** Opening INFORMATION SUPPLIED block **

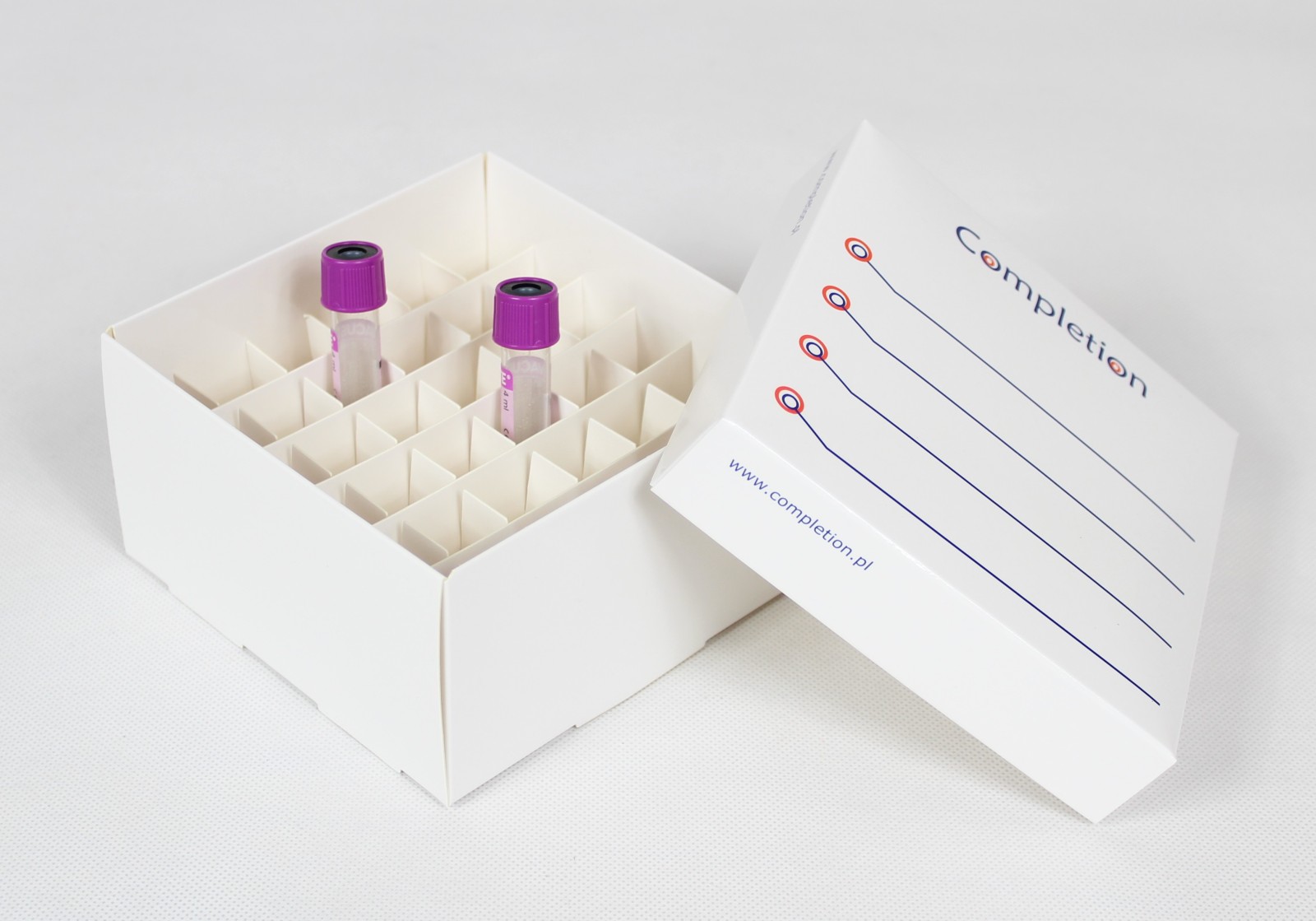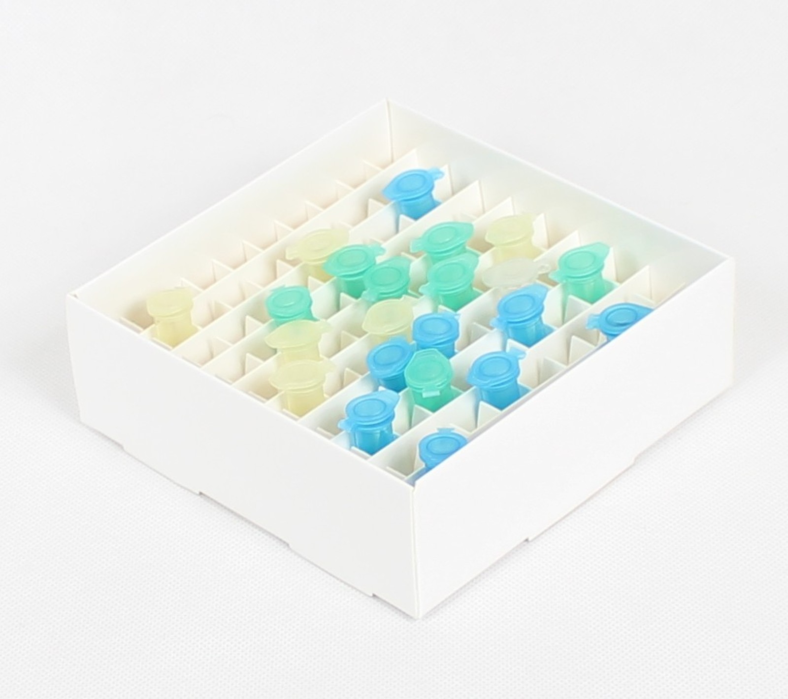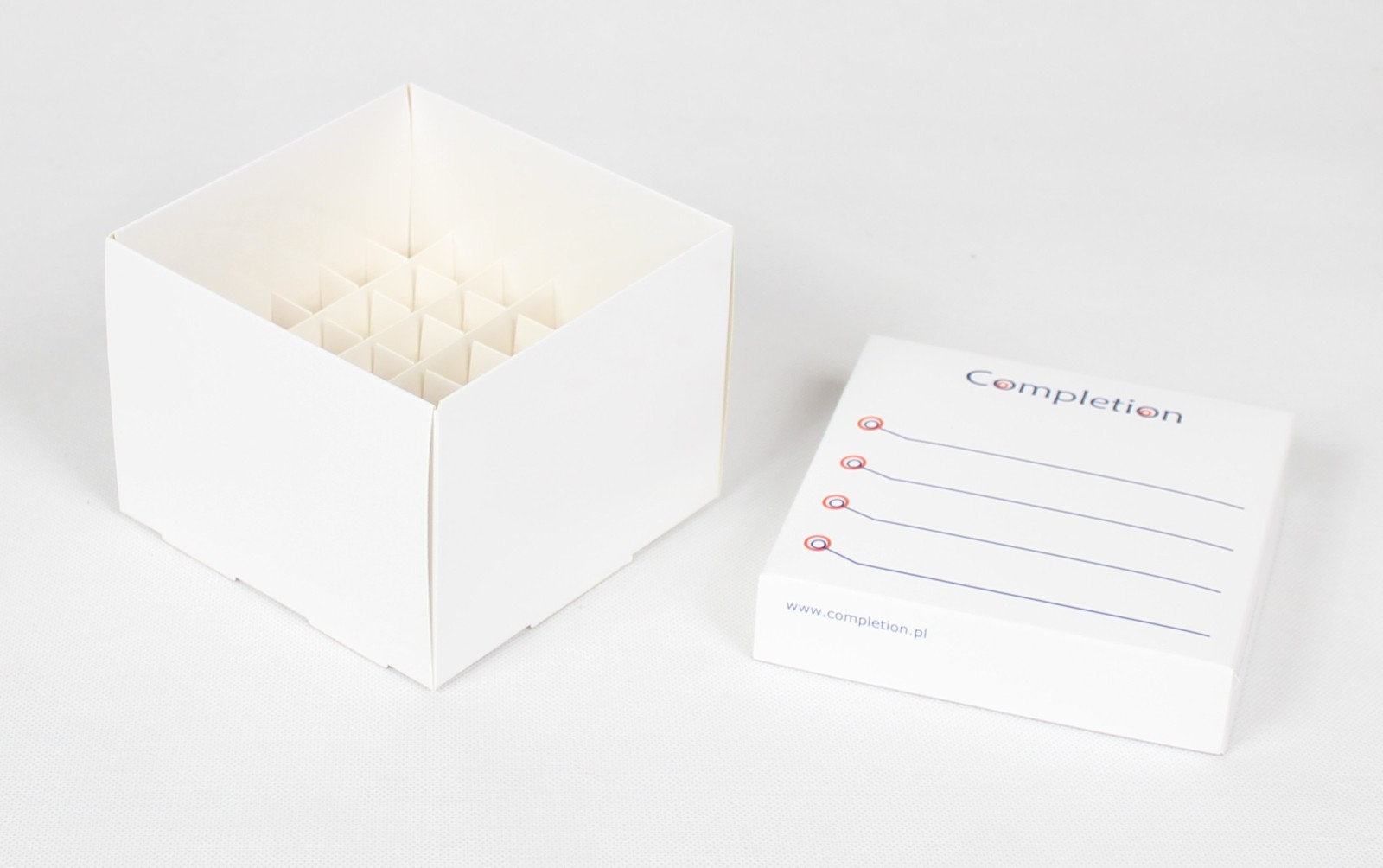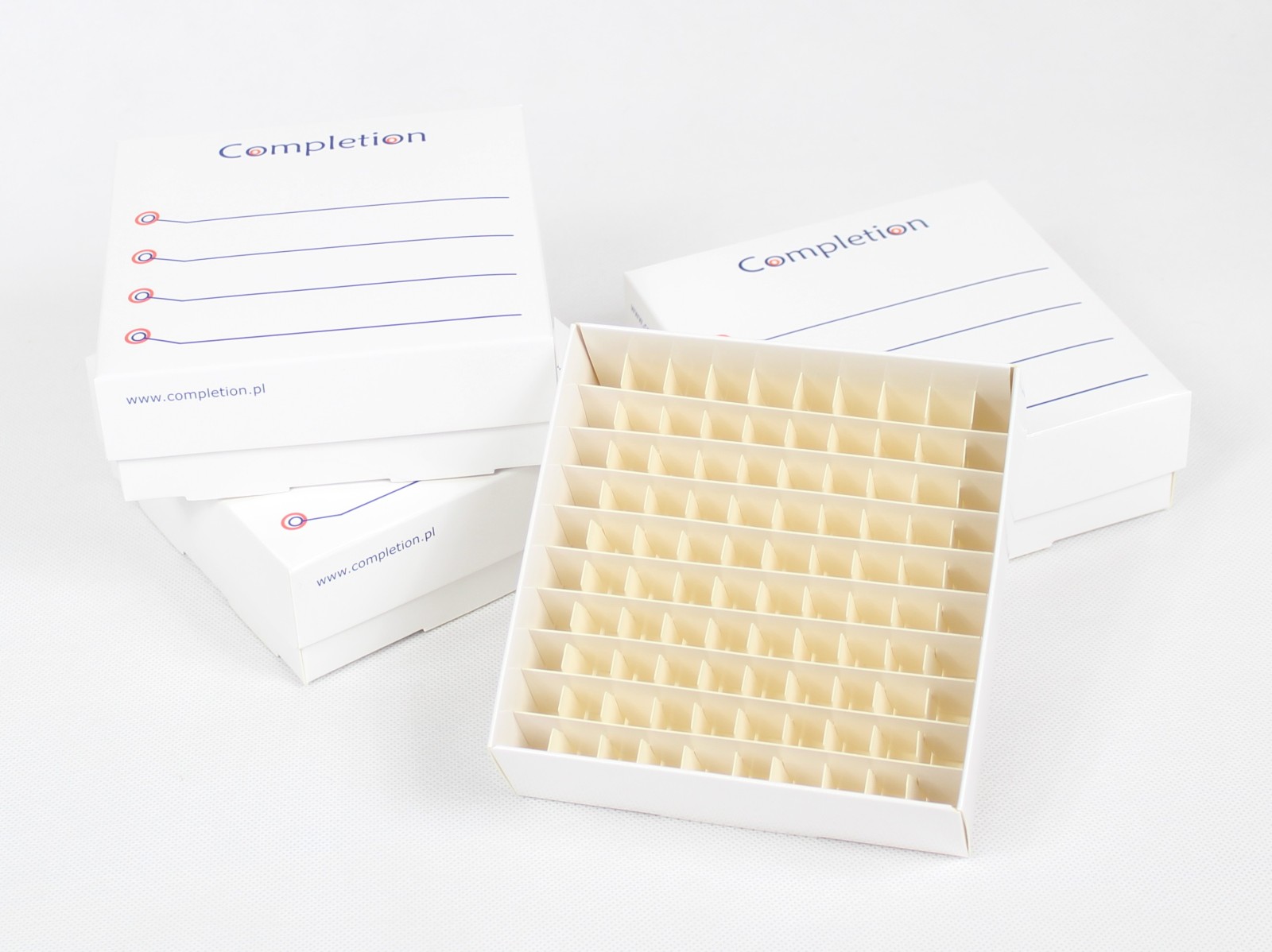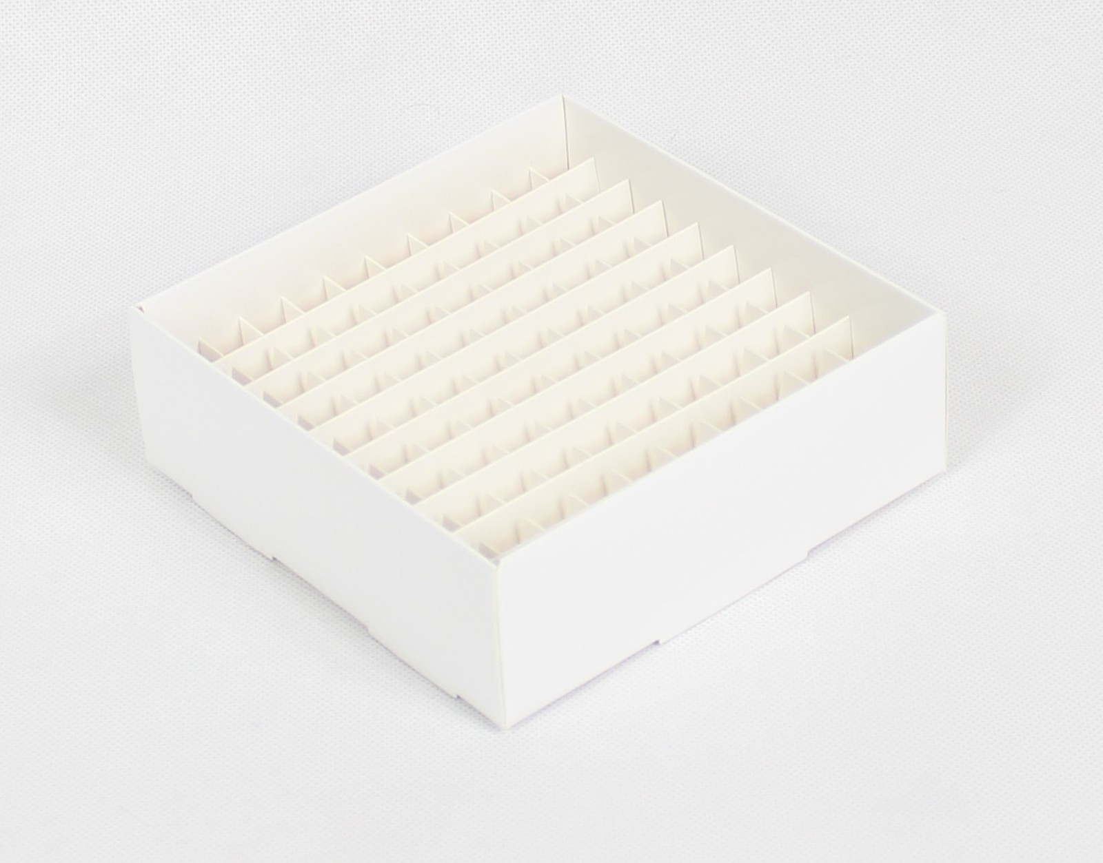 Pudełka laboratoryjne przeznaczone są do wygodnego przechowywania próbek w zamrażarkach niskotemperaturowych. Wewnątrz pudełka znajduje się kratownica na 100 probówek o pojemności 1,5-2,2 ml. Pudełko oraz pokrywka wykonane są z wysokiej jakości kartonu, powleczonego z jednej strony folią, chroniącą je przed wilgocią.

** Closing INFORMATION SUPPLIED block **
** Opening INFORMATION SUPPLIED block **

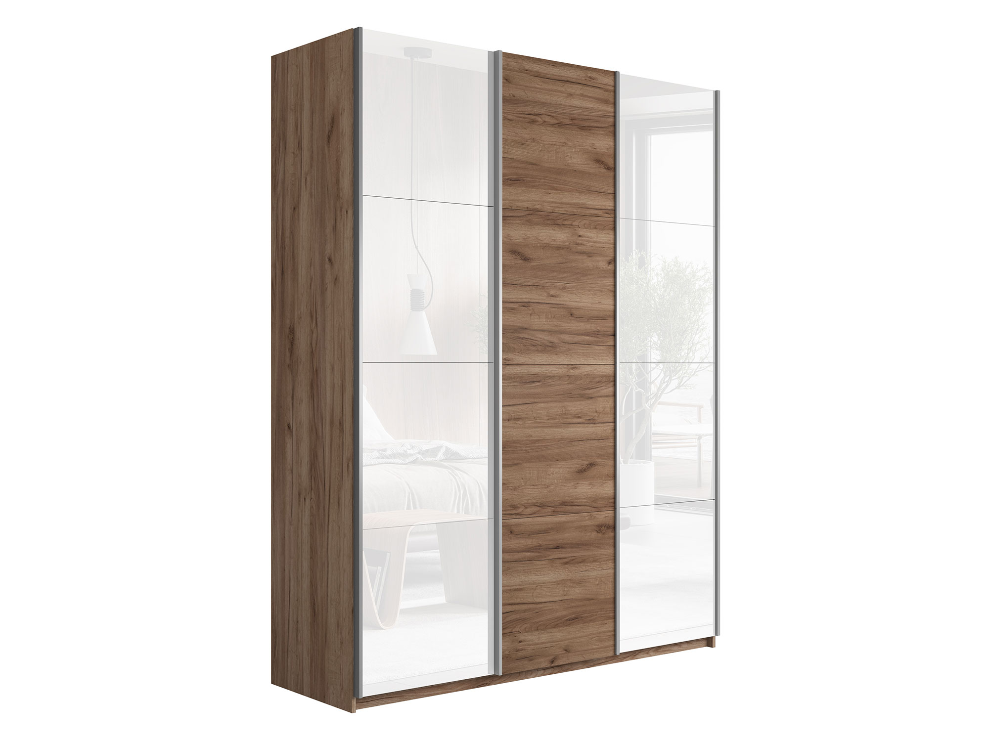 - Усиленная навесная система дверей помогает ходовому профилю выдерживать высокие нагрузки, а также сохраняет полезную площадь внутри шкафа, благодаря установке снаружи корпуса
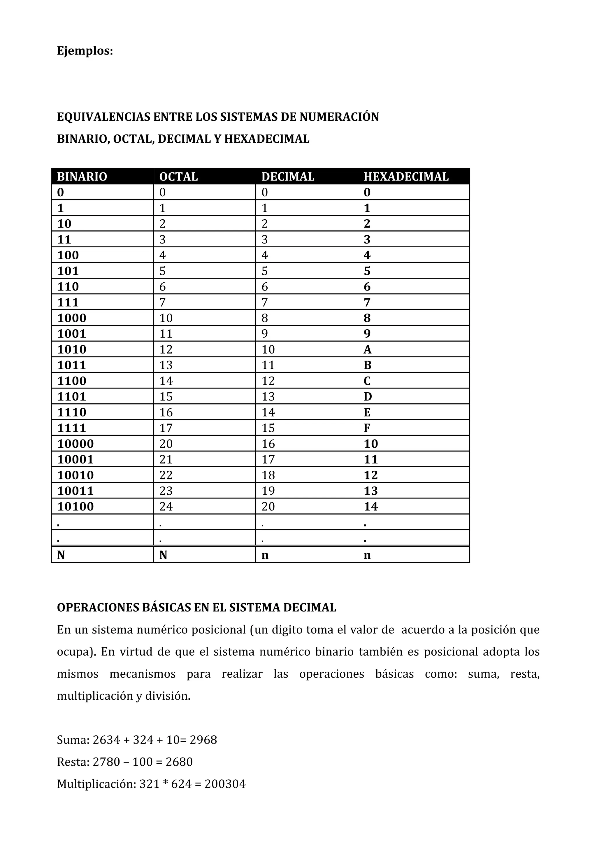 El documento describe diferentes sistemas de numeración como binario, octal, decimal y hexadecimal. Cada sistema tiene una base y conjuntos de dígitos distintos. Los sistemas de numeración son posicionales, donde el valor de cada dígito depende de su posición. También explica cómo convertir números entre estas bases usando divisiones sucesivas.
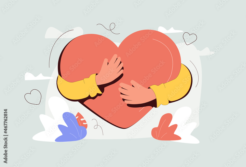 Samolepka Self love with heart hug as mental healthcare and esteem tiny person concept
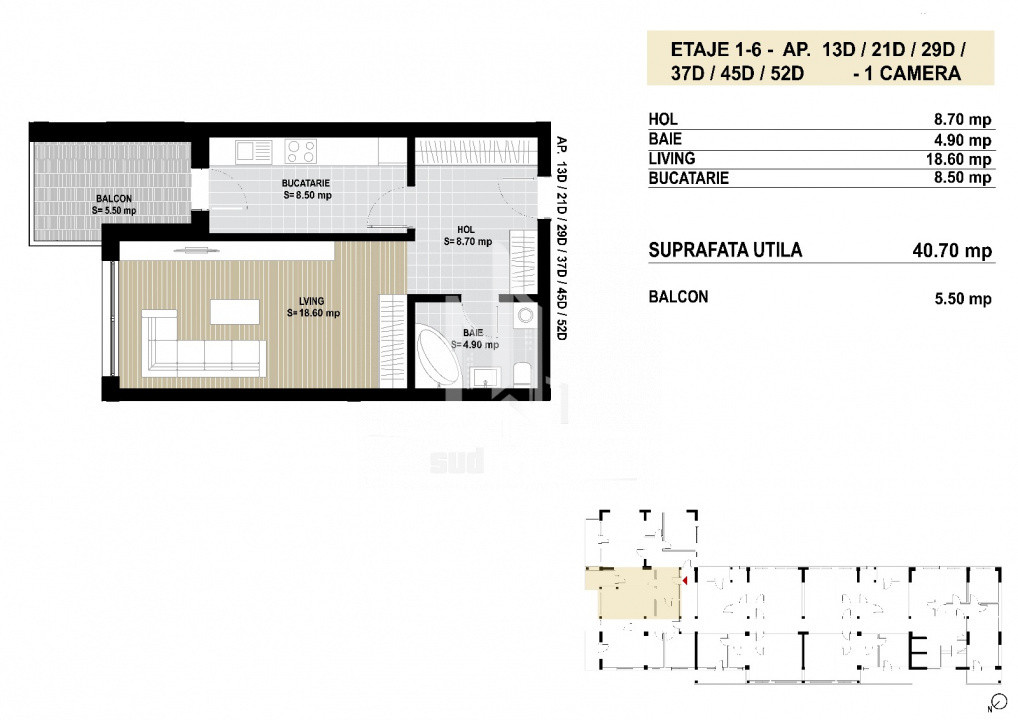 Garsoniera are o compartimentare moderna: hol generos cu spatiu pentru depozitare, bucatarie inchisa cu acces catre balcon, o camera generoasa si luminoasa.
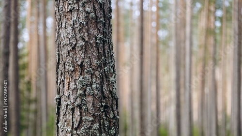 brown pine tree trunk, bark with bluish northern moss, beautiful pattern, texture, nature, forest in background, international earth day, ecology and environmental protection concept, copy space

** Closing INFORMATION SUPPLIED block **

EXERCISE BRIEF ▸ Reproduce the lines above beginning at the line that contains "Samolepka Self love" and ending at the line that contains "brown pine tree". No pictures.

RESULT ▸
 Samolepka Self love with heart hug as mental healthcare and esteem tiny person concept
 Garsoniera are o compartimentare moderna: hol generos cu spatiu pentru depozitare, bucatarie inchisa cu acces catre balcon, o camera generoasa si luminoasa.
 brown pine tree trunk, bark with bluish northern moss, beautiful pattern, texture, nature, forest in background, international earth day, ecology and environmental protection concept, copy space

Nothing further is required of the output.